Overview of the Molecular Biology of Hepatocellular Neoplasms and Hepatoblastomas of the Mouse Liver

Abstract

The molecular pathogenesis of chemically induced hepatocellular neoplasms and hepatoblastomas in the B6C3F1 mouse is unclear but may involve alterations in the β-catenin/Wnt signaling pathway as was recently described for human liver neoplasms. The objectives of this research were to characterize the mutation frequency and spectrum of β-catenin mutations and the intracellular localization of β-catenin protein accumulation in chemically induced hepatoblastomas and hepatocellular neoplasms. In the majority of the hepatoblastomas examined by immunohistochemical methods, both nuclear and cytoplasmic localization of β-catenin protein were detected, whereas in hepatocellular adenomas and carcinomas and normal liver only membrane staining was observed. Genomic DNA was isolated from paraffin sections of each liver tumor. β-catenin exon 2 (corresponds to exon 3 in humans) genetic alterations were identified in the majority of hepatoblastomas from exposed mice.
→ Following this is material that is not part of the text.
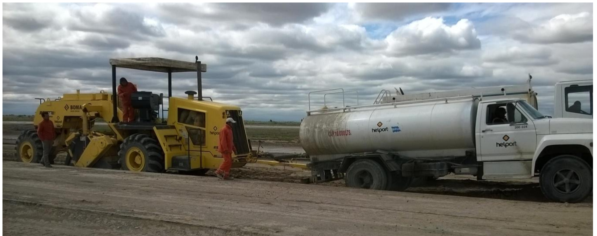
Imagen N° 17 : equipo reclamador y camión cisterna.

En la imagen N° 17 y 18 se puede observar parte del procedimiento mencionado.

Deletion mutations were identified more frequently than point mutations in hepatoblastomas. Hepatocellular adenomas and carcinomas from treated mice had mutations in exon 2 of the β-catenin gene which ranged from 32–43%, while 10% β-catenin mutations were detected in spontaneous neoplasms. By immunohistochemical methods cyclin D1 was observed in most nuclei of hepatoblastomas and strong expression of cyclin D1 was confirmed by Western analysis regardless of treatment. The cumulative data suggests that β-catenin mutations with upregulation of the β-catenin protein and Wnt signaling most likely increased cyclin D1 expression. Cyclin D1 may provide an advantage during tumor progression of hepatocellular neoplasms and hepatoblastomas. The review will also focus on other genes which are important in mouse and human liver tumors.